Alert to the threat of stock market losers taking to the streets, like peasants and workers in recent years, the government has tried to deflect the blame towards stock market analysts or brokers it has accused of spreading rumors, making nearly 200 showcase arrests and staging a televised “confession” by one business writer.

With the economic crisis deepening, the anger and resentment of those who rushed into the property and stock markets only to be stripped bare of their savings are now joined to the fear of the unknown that is stalking many in the middle class that emerged and prospered in the last quarter century of constant rapid growth and have had no experience of a real economic downturn, with its grim prospect of joblessness.

Added ingredients to this volatile brew are increasing mass protests by peasants and workers over a variety of grievances, including environmental pollution, land-grabbing by local authorities, and lack of workers’ rights.

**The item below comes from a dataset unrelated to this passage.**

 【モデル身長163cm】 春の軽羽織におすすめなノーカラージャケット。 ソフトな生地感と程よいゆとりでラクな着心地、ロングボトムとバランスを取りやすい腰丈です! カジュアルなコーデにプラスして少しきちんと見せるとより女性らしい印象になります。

According to the China Labor Bulletin, strikes have become the “new normal” in China: there were some 1378 workers’ strikes and protests in 2014, more than double the 2013 figure and three times that of 2012.

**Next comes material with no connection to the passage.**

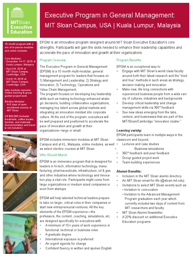 Executive Program in General Management MIT Sloan Campus, USA Kuala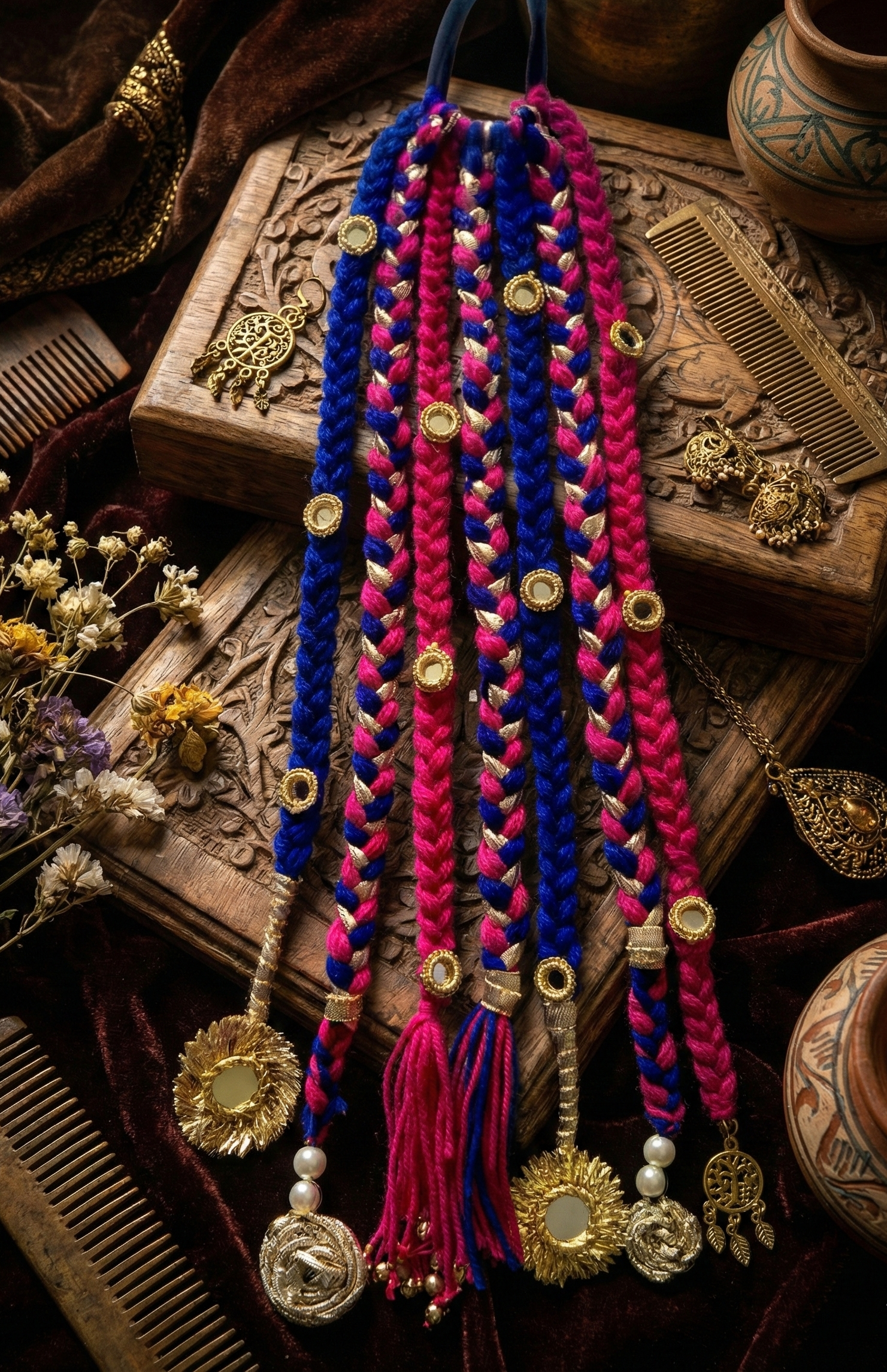 Discover our unique collection of handmade boho hair accessories, lovingly crafted from vibrant dhaga (thread). Each macramé and embroidered piece is a lightweight, one-of-a-kind work of art, perfect for adding an artisan touch to your free-spirited style.

Over the last three decades, the Communist Party of China has replaced, as the basis of its legitimacy, the delivery of socialism with the delivery of rapid growth and a rich capitalist economy.

Indeed, one of the key reasons the party has found it so hard to give up the export-oriented growth model is that it regards this strategy as a tried and tested mechanism of achieving high growth.

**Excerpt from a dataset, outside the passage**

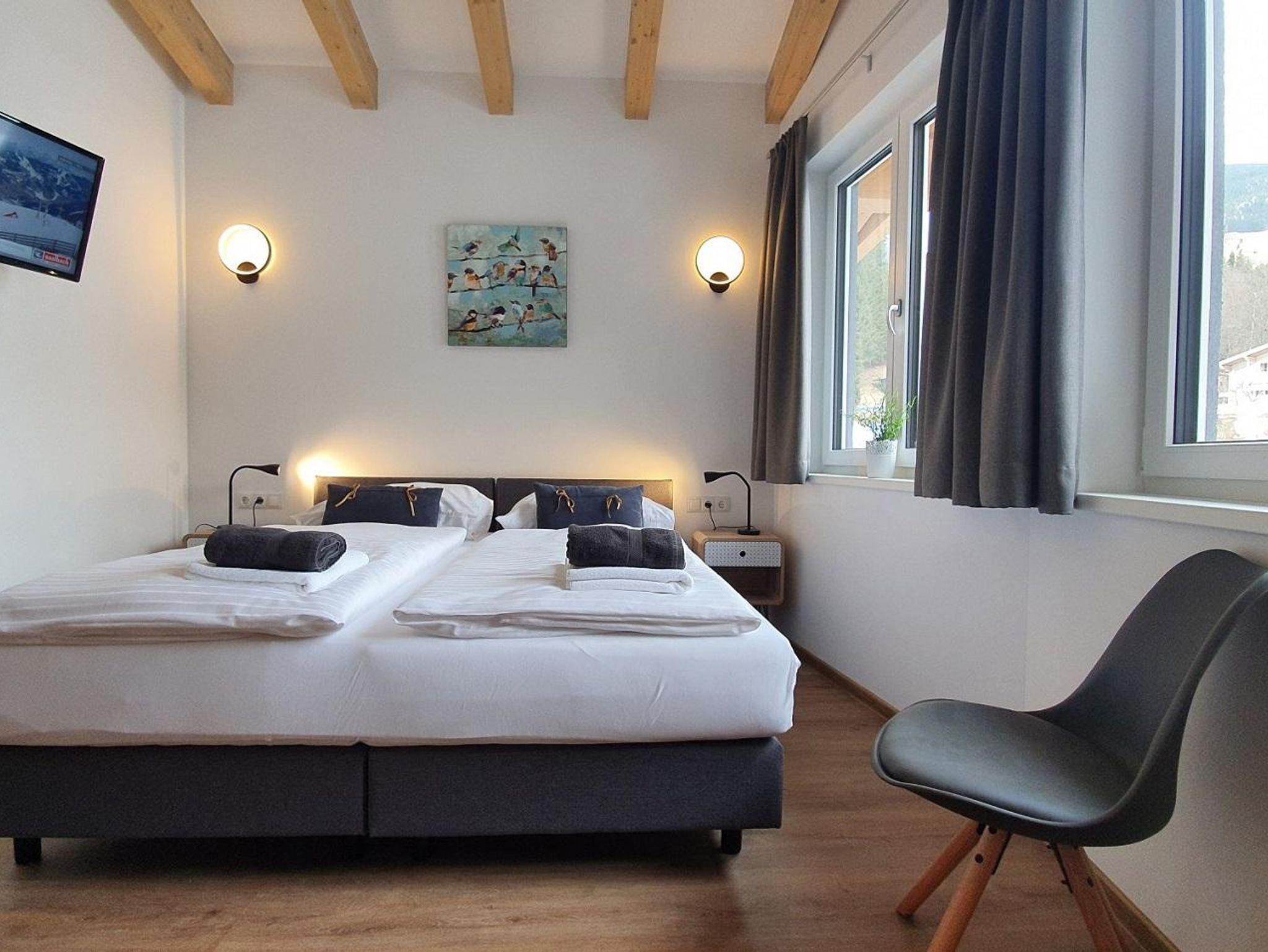 Unsere vier Lifestyle-Apartments bieten Platz für bis zu 6 Personen (3 Schlafzimmer, 2 Badezimmer) – ein idealen Ort für eine Auszeit in den Bergen für Familien und Freunde, die Natur, Sport und Erholung verbinden möchten.

How the current leadership led by Xi Jin Ping will manage citizens’ expectations in a period of much slower growth, increasing joblessness, greater inequality, and much greater discontent remains to be seen.

Will it continue to tread softly around the powerful set of interests that has dominated society for 30 years or will it muster the courage to break with the political economy of export-oriented rapid growth and lead the way to a new development paradigm based on domestic consumption underpinned by greater equity? –


This was first published by Telesur. We are republishing it with their permission.


Add a comment

Sort by

There are no comments yet. Add your comment to start the conversation.

Summarize this article with AI

How does this make you feel?

Download the Rappler App!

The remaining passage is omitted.